[Extracted data entries]
::::

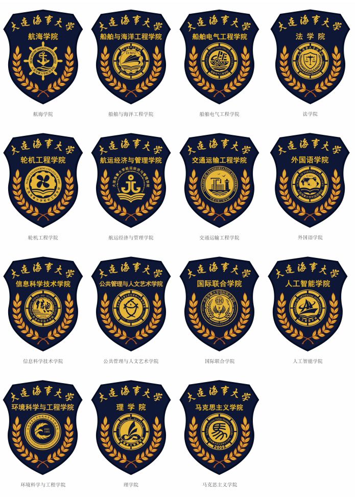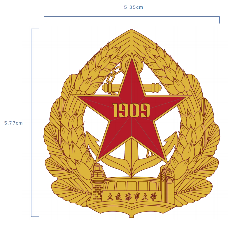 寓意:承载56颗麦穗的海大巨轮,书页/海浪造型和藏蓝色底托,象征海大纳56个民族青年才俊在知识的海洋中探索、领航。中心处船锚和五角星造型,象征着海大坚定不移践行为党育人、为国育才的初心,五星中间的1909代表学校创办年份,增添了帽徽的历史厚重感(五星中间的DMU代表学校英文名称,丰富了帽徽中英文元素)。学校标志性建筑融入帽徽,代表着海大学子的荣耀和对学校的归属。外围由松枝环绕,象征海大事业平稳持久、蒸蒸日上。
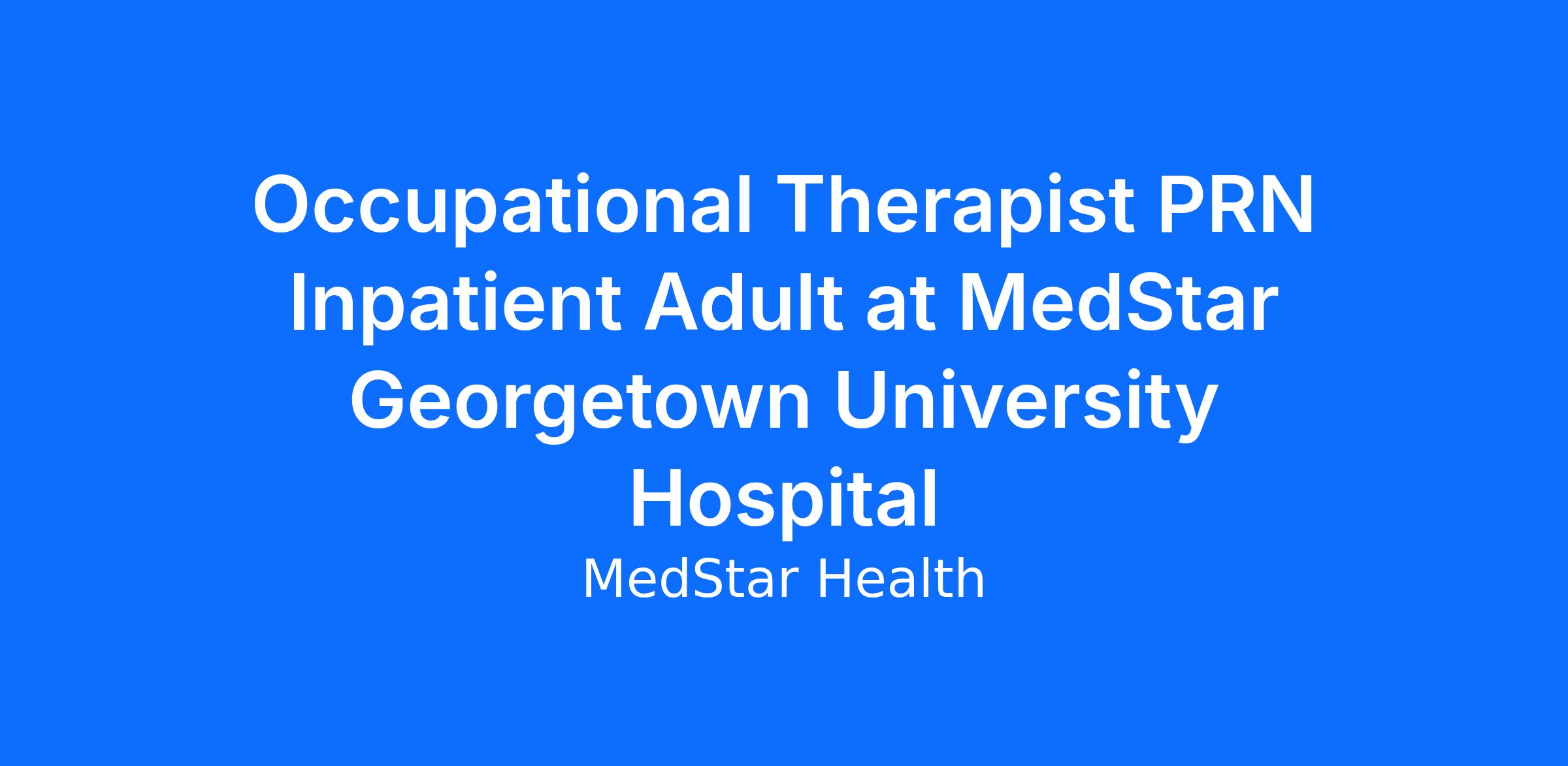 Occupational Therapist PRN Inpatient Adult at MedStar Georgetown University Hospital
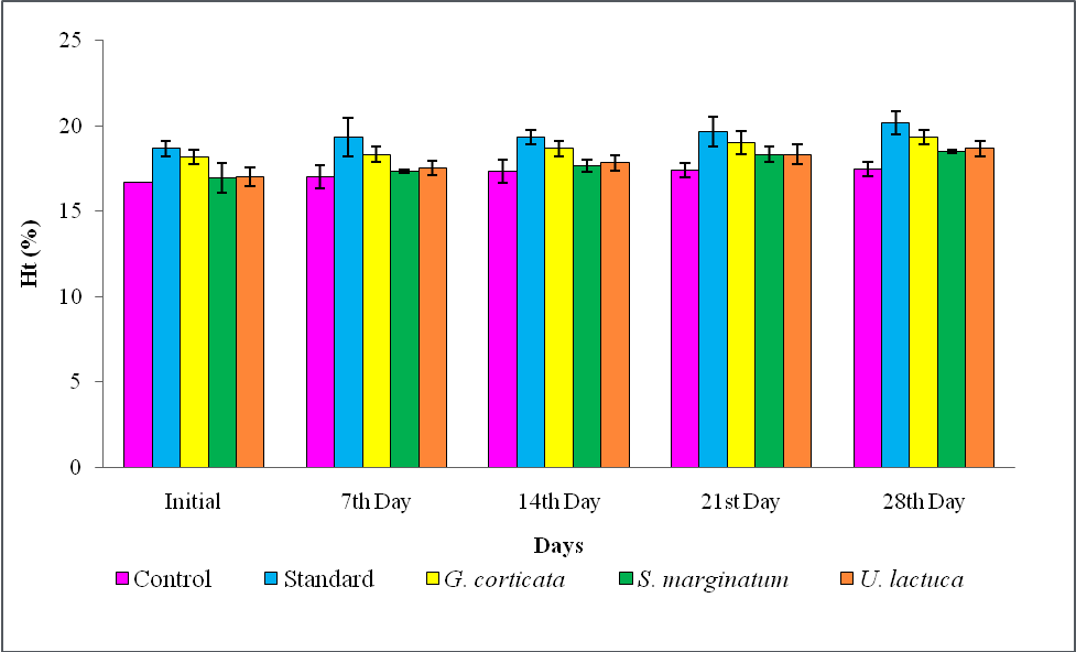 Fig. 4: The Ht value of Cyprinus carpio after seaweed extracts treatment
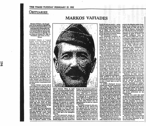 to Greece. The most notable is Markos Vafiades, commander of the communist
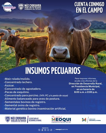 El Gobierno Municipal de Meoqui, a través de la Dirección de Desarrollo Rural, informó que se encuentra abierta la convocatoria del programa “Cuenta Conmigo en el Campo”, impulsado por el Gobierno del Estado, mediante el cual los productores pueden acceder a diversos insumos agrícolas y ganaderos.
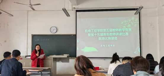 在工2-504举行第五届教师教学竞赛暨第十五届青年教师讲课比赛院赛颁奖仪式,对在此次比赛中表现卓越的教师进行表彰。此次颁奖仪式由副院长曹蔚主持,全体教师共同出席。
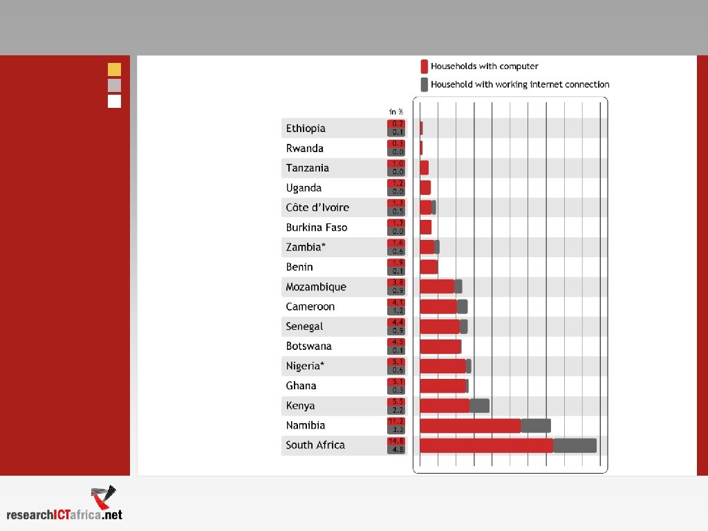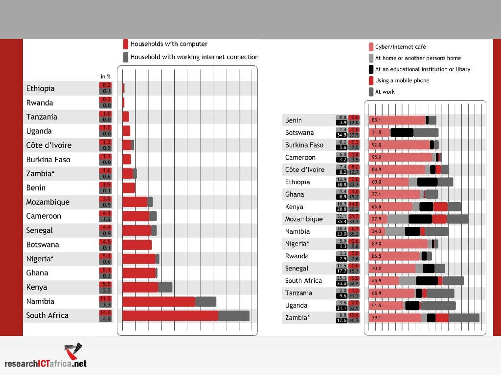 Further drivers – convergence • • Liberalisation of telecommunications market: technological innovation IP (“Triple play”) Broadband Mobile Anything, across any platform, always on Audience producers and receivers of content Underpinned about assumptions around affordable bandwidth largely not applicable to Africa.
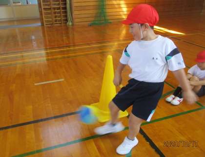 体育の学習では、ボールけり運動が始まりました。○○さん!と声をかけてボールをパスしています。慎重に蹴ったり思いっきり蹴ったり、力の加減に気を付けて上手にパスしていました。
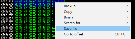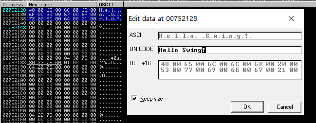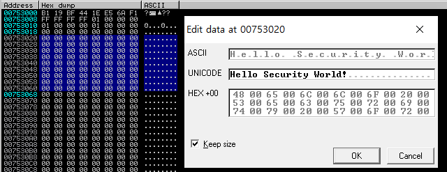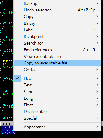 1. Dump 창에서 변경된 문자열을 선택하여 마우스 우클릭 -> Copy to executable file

::::

### Exercise directions
Set down all the data again exactly as above, pictures excluded.

### Solution
 寓意:承载56颗麦穗的海大巨轮,书页/海浪造型和藏蓝色底托,象征海大纳56个民族青年才俊在知识的海洋中探索、领航。中心处船锚和五角星造型,象征着海大坚定不移践行为党育人、为国育才的初心,五星中间的1909代表学校创办年份,增添了帽徽的历史厚重感(五星中间的DMU代表学校英文名称,丰富了帽徽中英文元素)。学校标志性建筑融入帽徽,代表着海大学子的荣耀和对学校的归属。外围由松枝环绕,象征海大事业平稳持久、蒸蒸日上。
 Occupational Therapist PRN Inpatient Adult at MedStar Georgetown University Hospital
 Fig. 4: The Ht value of Cyprinus carpio after seaweed extracts treatment
 to Greece. The most notable is Markos Vafiades, commander of the communist
 El Gobierno Municipal de Meoqui, a través de la Dirección de Desarrollo Rural, informó que se encuentra abierta la convocatoria del programa “Cuenta Conmigo en el Campo”, impulsado por el Gobierno del Estado, mediante el cual los productores pueden acceder a diversos insumos agrícolas y ganaderos.
 在工2-504举行第五届教师教学竞赛暨第十五届青年教师讲课比赛院赛颁奖仪式,对在此次比赛中表现卓越的教师进行表彰。此次颁奖仪式由副院长曹蔚主持,全体教师共同出席。
 Further drivers – convergence • • Liberalisation of telecommunications market: technological innovation IP (“Triple play”) Broadband Mobile Anything, across any platform, always on Audience producers and receivers of content Underpinned about assumptions around affordable bandwidth largely not applicable to Africa.
 体育の学習では、ボールけり運動が始まりました。○○さん!と声をかけてボールをパスしています。慎重に蹴ったり思いっきり蹴ったり、力の加減に気を付けて上手にパスしていました。
 1. Dump 창에서 변경된 문자열을 선택하여 마우스 우클릭 -> Copy to executable file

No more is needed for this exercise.